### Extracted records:
——————

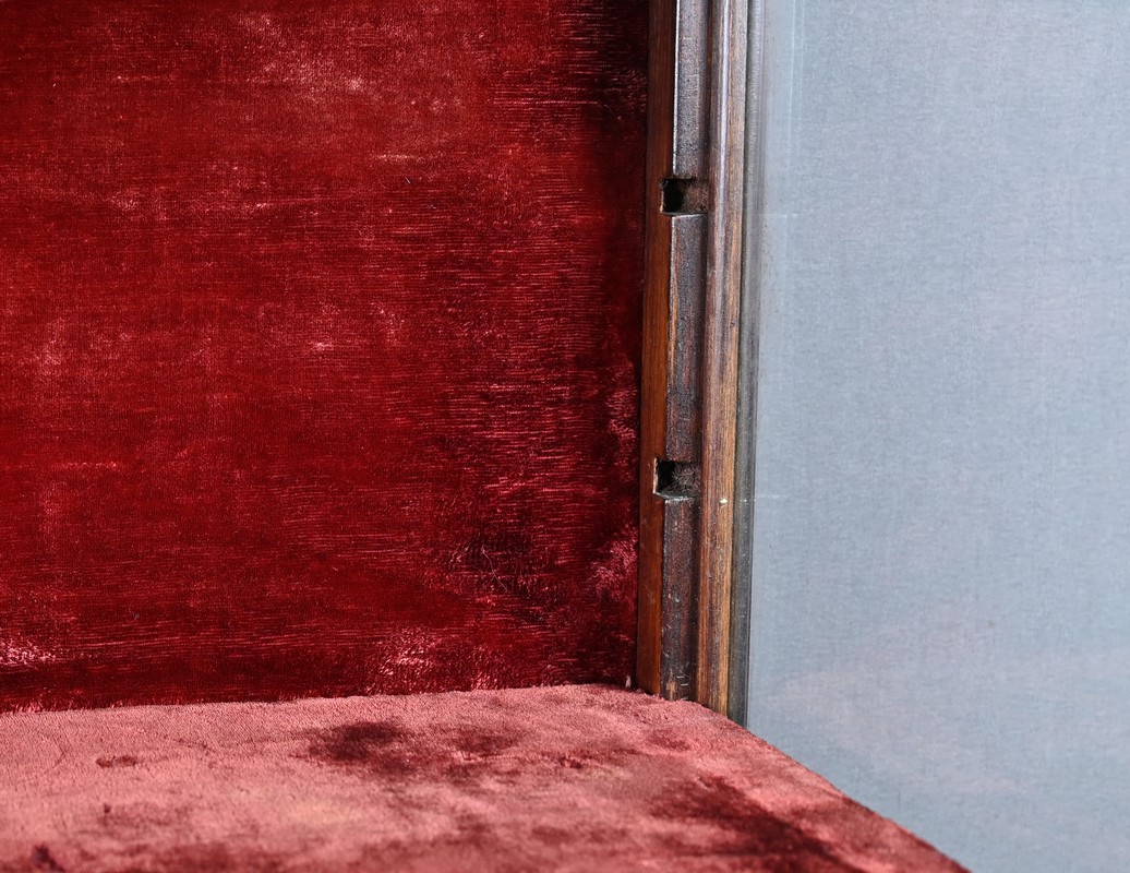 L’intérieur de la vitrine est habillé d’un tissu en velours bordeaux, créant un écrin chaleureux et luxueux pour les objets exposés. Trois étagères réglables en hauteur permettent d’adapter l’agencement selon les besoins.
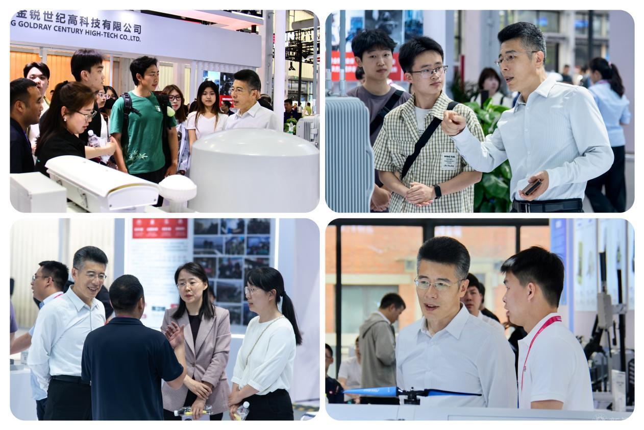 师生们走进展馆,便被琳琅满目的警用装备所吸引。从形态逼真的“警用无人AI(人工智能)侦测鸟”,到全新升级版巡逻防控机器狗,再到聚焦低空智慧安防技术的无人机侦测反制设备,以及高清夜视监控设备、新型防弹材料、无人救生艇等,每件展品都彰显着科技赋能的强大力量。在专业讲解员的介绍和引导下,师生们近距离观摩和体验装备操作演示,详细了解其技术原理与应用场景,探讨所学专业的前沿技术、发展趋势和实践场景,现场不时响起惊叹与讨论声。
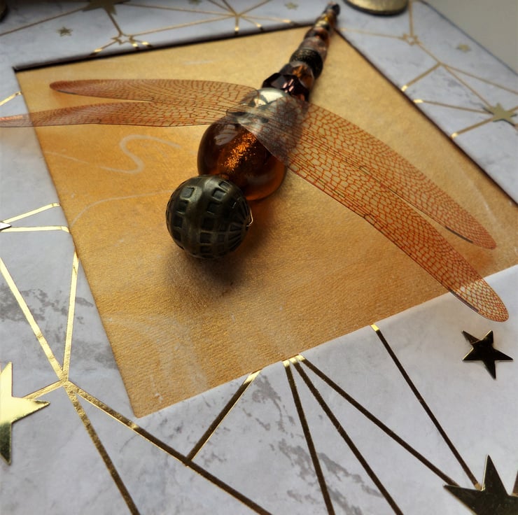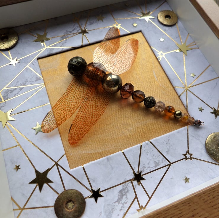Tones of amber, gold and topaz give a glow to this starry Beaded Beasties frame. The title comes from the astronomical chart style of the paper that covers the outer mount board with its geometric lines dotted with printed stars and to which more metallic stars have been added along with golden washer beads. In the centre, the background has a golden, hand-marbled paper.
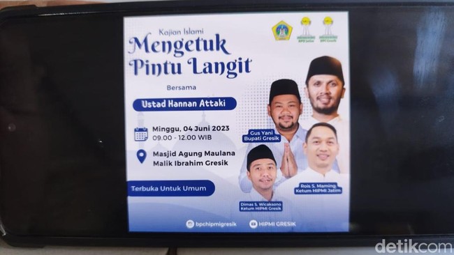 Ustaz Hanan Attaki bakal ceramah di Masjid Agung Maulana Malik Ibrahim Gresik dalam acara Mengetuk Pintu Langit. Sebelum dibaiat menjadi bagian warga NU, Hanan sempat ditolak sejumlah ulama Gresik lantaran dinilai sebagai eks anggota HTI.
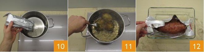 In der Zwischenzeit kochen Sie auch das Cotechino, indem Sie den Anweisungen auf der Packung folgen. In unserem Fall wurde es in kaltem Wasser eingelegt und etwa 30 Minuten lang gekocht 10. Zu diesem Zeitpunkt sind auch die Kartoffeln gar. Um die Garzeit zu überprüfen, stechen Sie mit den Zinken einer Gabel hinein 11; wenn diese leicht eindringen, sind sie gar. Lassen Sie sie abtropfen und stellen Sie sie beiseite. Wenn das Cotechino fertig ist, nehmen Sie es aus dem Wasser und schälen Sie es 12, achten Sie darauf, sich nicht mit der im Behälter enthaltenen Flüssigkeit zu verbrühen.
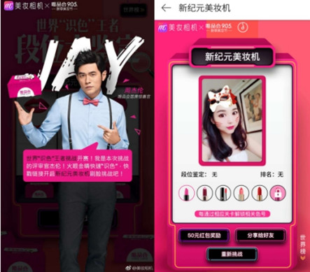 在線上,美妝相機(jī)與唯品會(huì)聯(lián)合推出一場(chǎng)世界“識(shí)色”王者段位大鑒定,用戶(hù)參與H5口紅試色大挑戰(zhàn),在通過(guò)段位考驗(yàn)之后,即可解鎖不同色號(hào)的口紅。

——————

### PROBLEM:
Would you write out each entry word for word and omit the images?

### WRITTEN RESPONSE:
 L’intérieur de la vitrine est habillé d’un tissu en velours bordeaux, créant un écrin chaleureux et luxueux pour les objets exposés. Trois étagères réglables en hauteur permettent d’adapter l’agencement selon les besoins.
 师生们走进展馆,便被琳琅满目的警用装备所吸引。从形态逼真的“警用无人AI(人工智能)侦测鸟”,到全新升级版巡逻防控机器狗,再到聚焦低空智慧安防技术的无人机侦测反制设备,以及高清夜视监控设备、新型防弹材料、无人救生艇等,每件展品都彰显着科技赋能的强大力量。在专业讲解员的介绍和引导下,师生们近距离观摩和体验装备操作演示,详细了解其技术原理与应用场景,探讨所学专业的前沿技术、发展趋势和实践场景,现场不时响起惊叹与讨论声。
Tones of amber, gold and topaz give a glow to this starry Beaded Beasties frame. The title comes from the astronomical chart style of the paper that covers the outer mount board with its geometric lines dotted with printed stars and to which more metallic stars have been added along with golden washer beads. In the centre, the background has a golden, hand-marbled paper.
 Ustaz Hanan Attaki bakal ceramah di Masjid Agung Maulana Malik Ibrahim Gresik dalam acara Mengetuk Pintu Langit. Sebelum dibaiat menjadi bagian warga NU, Hanan sempat ditolak sejumlah ulama Gresik lantaran dinilai sebagai eks anggota HTI.
 In der Zwischenzeit kochen Sie auch das Cotechino, indem Sie den Anweisungen auf der Packung folgen. In unserem Fall wurde es in kaltem Wasser eingelegt und etwa 30 Minuten lang gekocht 10. Zu diesem Zeitpunkt sind auch die Kartoffeln gar. Um die Garzeit zu überprüfen, stechen Sie mit den Zinken einer Gabel hinein 11; wenn diese leicht eindringen, sind sie gar. Lassen Sie sie abtropfen und stellen Sie sie beiseite. Wenn das Cotechino fertig ist, nehmen Sie es aus dem Wasser und schälen Sie es 12, achten Sie darauf, sich nicht mit der im Behälter enthaltenen Flüssigkeit zu verbrühen.
 在線上,美妝相機(jī)與唯品會(huì)聯(lián)合推出一場(chǎng)世界“識(shí)色”王者段位大鑒定,用戶(hù)參與H5口紅試色大挑戰(zhàn),在通過(guò)段位考驗(yàn)之后,即可解鎖不同色號(hào)的口紅。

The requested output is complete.